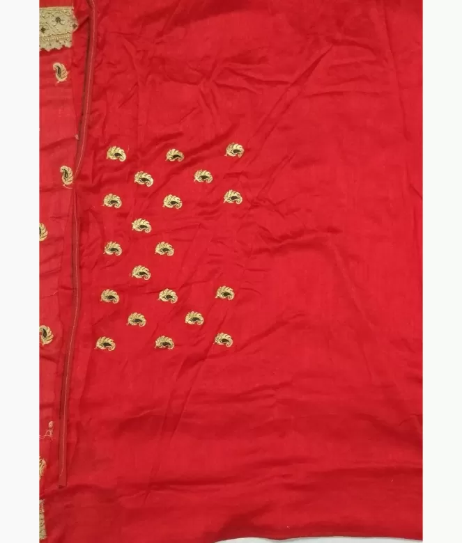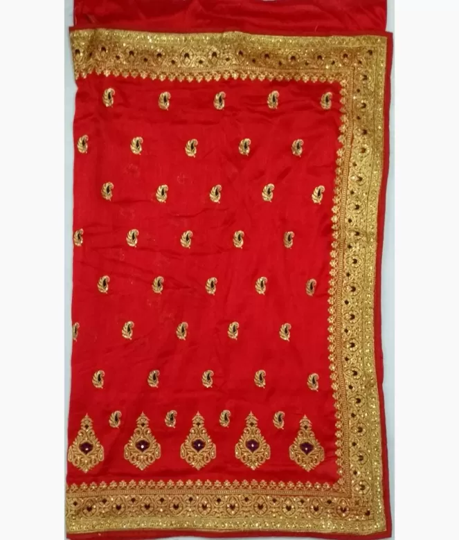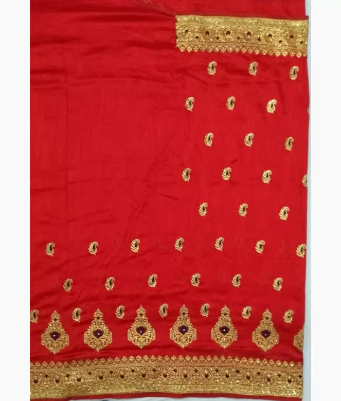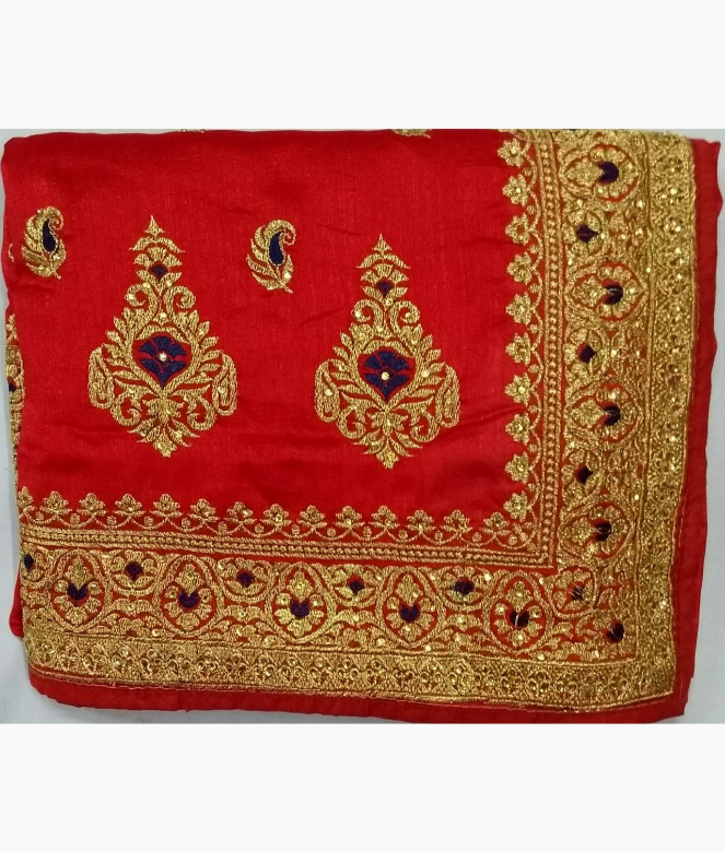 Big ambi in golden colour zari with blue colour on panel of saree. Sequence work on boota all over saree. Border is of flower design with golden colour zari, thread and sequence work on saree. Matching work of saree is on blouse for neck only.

■ ■ ■ ■

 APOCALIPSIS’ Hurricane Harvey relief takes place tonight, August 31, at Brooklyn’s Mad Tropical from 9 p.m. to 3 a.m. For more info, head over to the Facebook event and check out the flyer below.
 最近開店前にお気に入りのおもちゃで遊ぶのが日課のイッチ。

■ ■ ■ ■

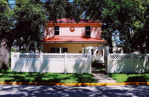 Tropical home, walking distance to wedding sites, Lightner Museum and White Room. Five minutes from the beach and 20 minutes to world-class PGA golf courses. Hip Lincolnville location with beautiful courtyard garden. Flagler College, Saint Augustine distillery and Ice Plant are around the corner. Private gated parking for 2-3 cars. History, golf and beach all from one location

■ ■ ■ ■

Repeat word for word the lines above that run from the line containing "APOCALIPSIS’ Hurricane Harvey" through the line containing "最近開店前にお気に入りのおもちゃで遊ぶのが日課のイッチ。", both ends included, and nothing else.

 APOCALIPSIS’ Hurricane Harvey relief takes place tonight, August 31, at Brooklyn’s Mad Tropical from 9 p.m. to 3 a.m. For more info, head over to the Facebook event and check out the flyer below.
 最近開店前にお気に入りのおもちゃで遊ぶのが日課のイッチ。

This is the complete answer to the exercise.